The whole bridge RNA apparatus is quite compact, a feature that Durrant says may be due to the evolutionary pressure acting on transposons themselves. “Maybe these are smaller in part because mobile elements survive better when they’re smaller,” he speculates. This limited size makes the tool even more tantalizing for therapeutic applications, which require editing tools to be packaged for delivery into cells. It remains to be seen, however, whether bridge RNAs’ efficiency in bacteria will translate to mammalian cells. Fortunately, its mechanistic novelty makes the bridge RNA an intriguing basis for therapeutics in cell types where it exhibits even modest activity. Durrant predicts that in its fully optimized form, the bridge RNA has the potential to be much more impactful than other fully optimized genome editing tools. “I think basic Cas9 is basically at the limit, so now people are adding new domains to create new tools and then optimizing those,” he says. “The bridge RNA has a new chemistry altogether and as we engineer more specificity and make it efficient in human cells, it will open up a whole new landscape of edits.”

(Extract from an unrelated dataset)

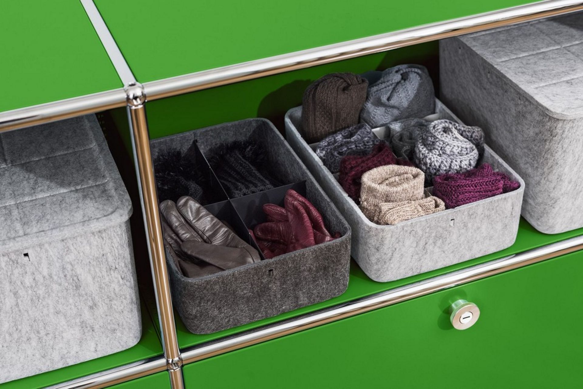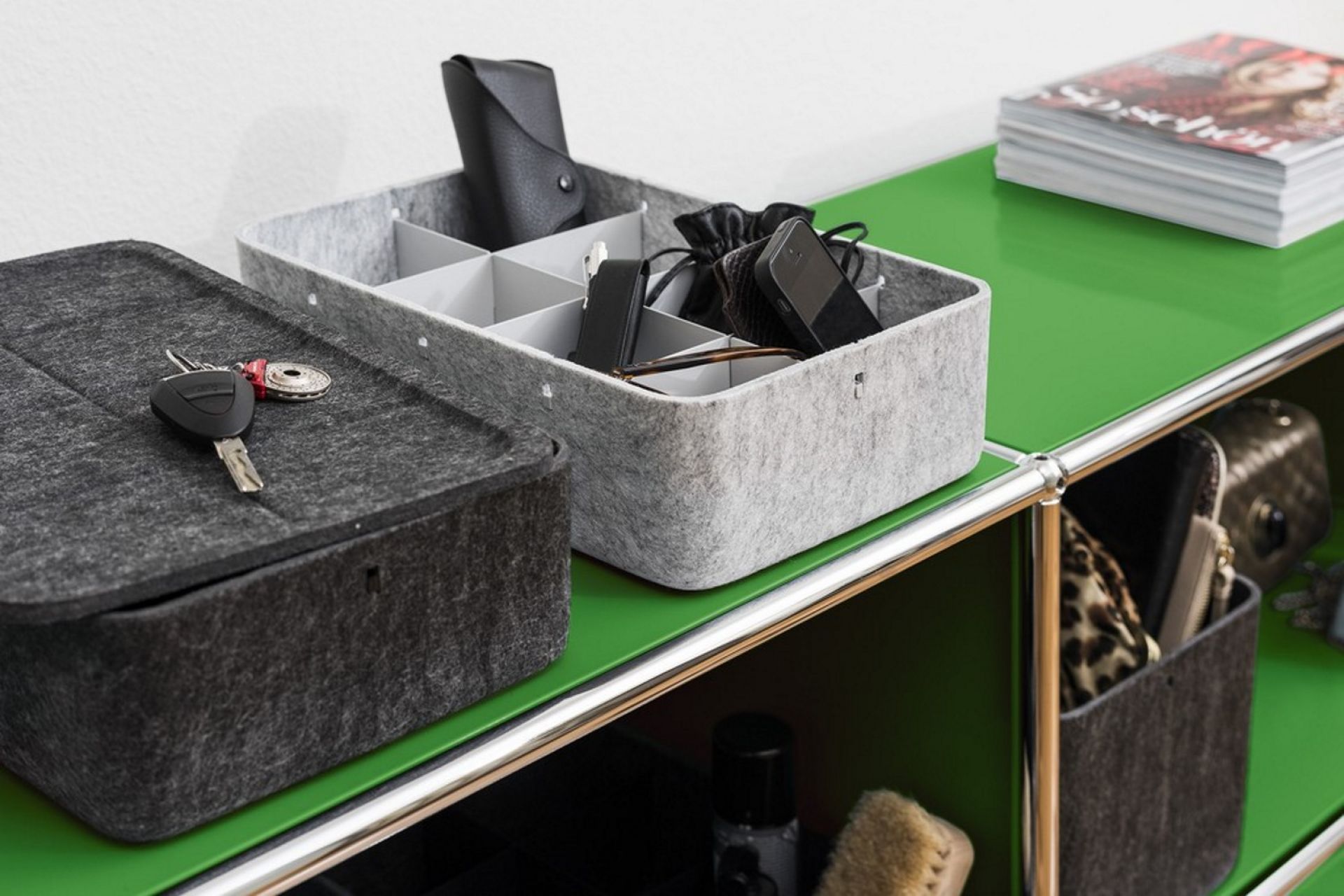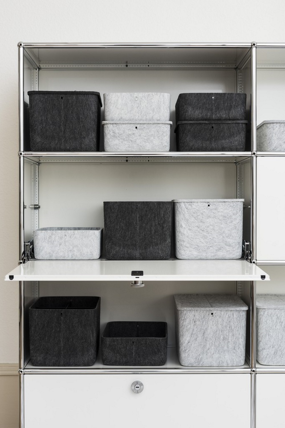 Neu für USM Haller Möbel: Die tiefen Inos Boxen schaffen Ordnung innerhalb der offenen Fächer Ihrer USM Haller Stahlrohrklassiker.

The possibilities are endless, and Perry believes that the technology will ultimately incite a paradigm shift from genome editing to genome design. “What we’re trying to do here is not edit the words in a paragraph or change the paragraphs on a page but rewrite entire pages of chapters of a book, with the book being the genome.” Of course, Durrant and Perry also believe that the bridge RNA system will make a splash outside of human therapeutics.
Perry has “a whole page worth of lists of ideas of applications,” while Durrant sees the bridge RNA as a useful tool for insect and plant genome editing, diagnostic tools, and even common biology lab workflows such as molecular cloning. For now, their goal is to make the bridge RNA as accessible as possible. Perry believes that system will be useful to researchers across molecular biology if it’s readily available and easy to use. “Problems can be solved by manipulating the genome or modifying your protein of interest or modifying your cell,” he says. “You can programmably remove, rearrange, or insert whatever you need to understand how the genome works or how your particular disease works.” Indeed, the Arc Institute has already created an online tool that researchers can use to generate custom bridge RNAs for their own research needs. If more biologists take up the call and study the bridge RNA system, its development will undoubtedly be accelerated. “I just want to see what people are going to do with it,” Durrant says.